Background Human cytomegalovirus (HCMV) is a beta-hersvirinae that has a high latent infection rate worldwide and can cause serious consequences in immunocompromised patients when reactivation; however, the mechanism of how HCMV convert from latent to reactivation has rarely been investigated. In the present study, we aimed to perform a comprehensive analysis of the HCMV-encoded microRNA (miRNA) profile in serum of patients upon HCMV reactivation from latency and to further evaluate its clinical significance for the disease monitoring and preventing usefulness. Methods Serum samples from 59 viremia patients and 60 age-gender matched controls were enrolled in this study for screening and validation of different expression of HCMV miRNAs. Serum concentrations of 22 known HCMV miRNAs were determined by a hydrolysis probe-based stem-loop quantitative reverse transcription polymerase chain reaction (RT-qPCR) assay. HCMV DNA was measured by quantitative real-time PCR (qPCR) with the whole blood sample. Serum HCMV IgG and IgM were assessed using enzyme linked immunosorbent assay (ELISA). Another 47 samples from 5 patients at different time points were collected to evaluate the monitoring effectiveness and disease prediction ability of differential expression HCMV-miRNAs during the antiviral treatment.

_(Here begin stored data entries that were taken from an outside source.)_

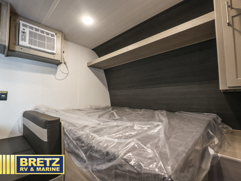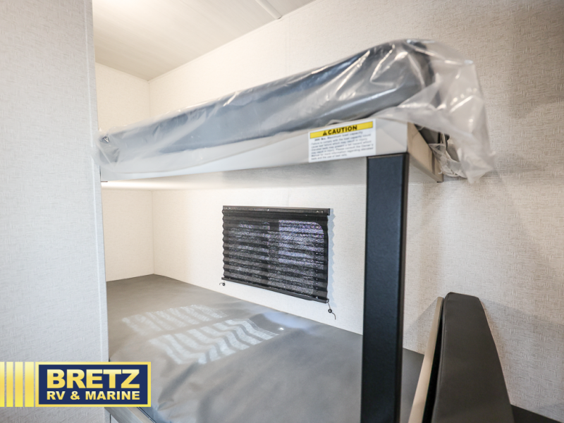 Get ready for outdoor fun with your favorite people when you have this trailer in tow! Once at your campsite, you can easily setup the 10' power awning, grab your camping chairs from the pass-thru storage, and relax or start playing. The cook will love the galley kitchen with the two burner cooktop, plus a refrigerator for cold items. If you like, you can eat inside at the booth dinette which doubles as sleeping space, and of course the kids will love the bunk beds next to the full bathroom. And you will sleep soundly on the front queen bed.
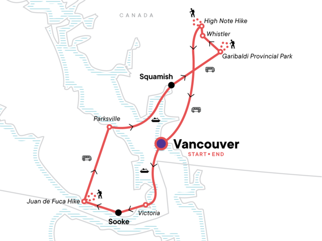 Your Welcome Moment: Welcome Meeting - Meet Your CEO and Group. Ferry ride from Vancouver to Sooke. An afternoon of hiking in East Sooke Provincial Park. A trek along a portion of the Juan de Fuca trail. Canoe or kayak rental on Cowichan Lake. Ferry from Nanaimo to Horseshoe Bay. A hike up The Stawamus Chief train. A visit to Garibaldi Provincial Park and a hike to the Elfin Lakes. A ride up the Whistler Gondola to hike the High Note trail. All transportation between destinations.
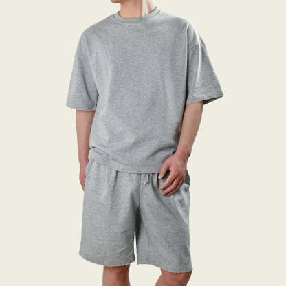 It is a handsome t-shirt and shorts set, thus you don't have to worry about how to match. They are made of cotton blend that is breathable and durable, comfortable to wear for incredible softness, ideal for daily wear, sports, etc. in summer. It's a good way to shape your style and cover all casual occasions without having to own a dozen sets.Men’s fashion loose short t-shirt and shorts set belong to men with a sense of functionality, luxury and comfort. They are finished with distressed edge on the bottom hem and cuffs for a sophisticated look. Loose version gives you a casual and flattering look. Choosing the garment you like is not only a kind of attitude towards life, but also a kind of care for yourself.
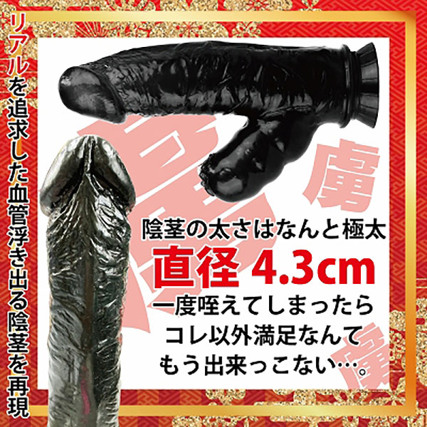 更に大型子機が連動しクリを強刺激!最大経4.3cmの極太×高弾力×肉厚の、正に雄牛のように力強く押し上げ、そそり立つ漆黒バイブを咥えてしまったら、もう普通サイズでは満足できない…。
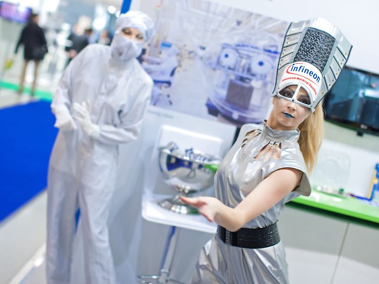 Am Stand des Chipherstellers auf der Messe Semicon Europa 2010 in Dresden muss eine junge Frau im Infineon-Kostüm tanzen: Kreativität ist im Halbleitergeschäft nicht gerade eine Schlüsselqualifikation.
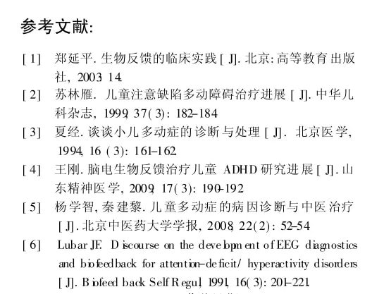 【篇名】腦電生物反饋治療小兒多動癥的評價與護(hù)理
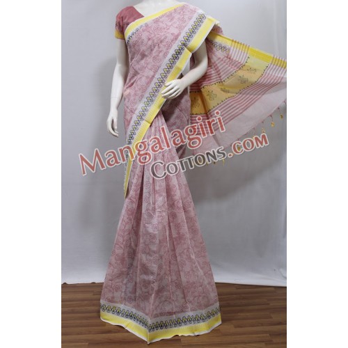 Printed Mangalagiri Power Loom Cotton Saree with Cotton Boarder. Saree comes with unstiched blouse piece.

Results The RT-qPCR analysis revealed that the serum levels of 16 of the 22 examined HCMV miRNAs were elevated in HCMV viremia patients compared with controls, and a profile of 8 HCMV miRNAs including hcmv-miR-US25-2-3p, hcmv-miR-US4-5p, hcmv-miR-US25-2-5p, hcmv-miR-US25-1-3p, hcmv-miR-US25-1, hcmv-miR-UL36, hcmv-miR-UL148D, hcmv-miR-US29-3p were markedly elevated (fold change > 2, P < 0.01). Receiver operating characteristic curve (ROC) analysis were performed on the selected HCMV-miRNAs in all of the patients and controls that enrolled in this study, and which ranged from 0.72 to 0.80 in the autoimmune patients. In addition, hcmv-miR-US25-1-3p levels were significantly correlated with HCMV DNA load (r = 0.349, P = 0.007), and were obviously higher in the reactivation set than the latency set in the autoimmune patients, which could be a predictor for the monitoring of the antiviral treatment. Conclusions HCMV miRNAs profile showed markedly shift-switch from latency to reactivation in circulation from HCMV infected patients and hcmv-miR-US25-1-3p may be served as a predictor for the switch upon reactivation from latency in patients suffered with autoimmune diseases.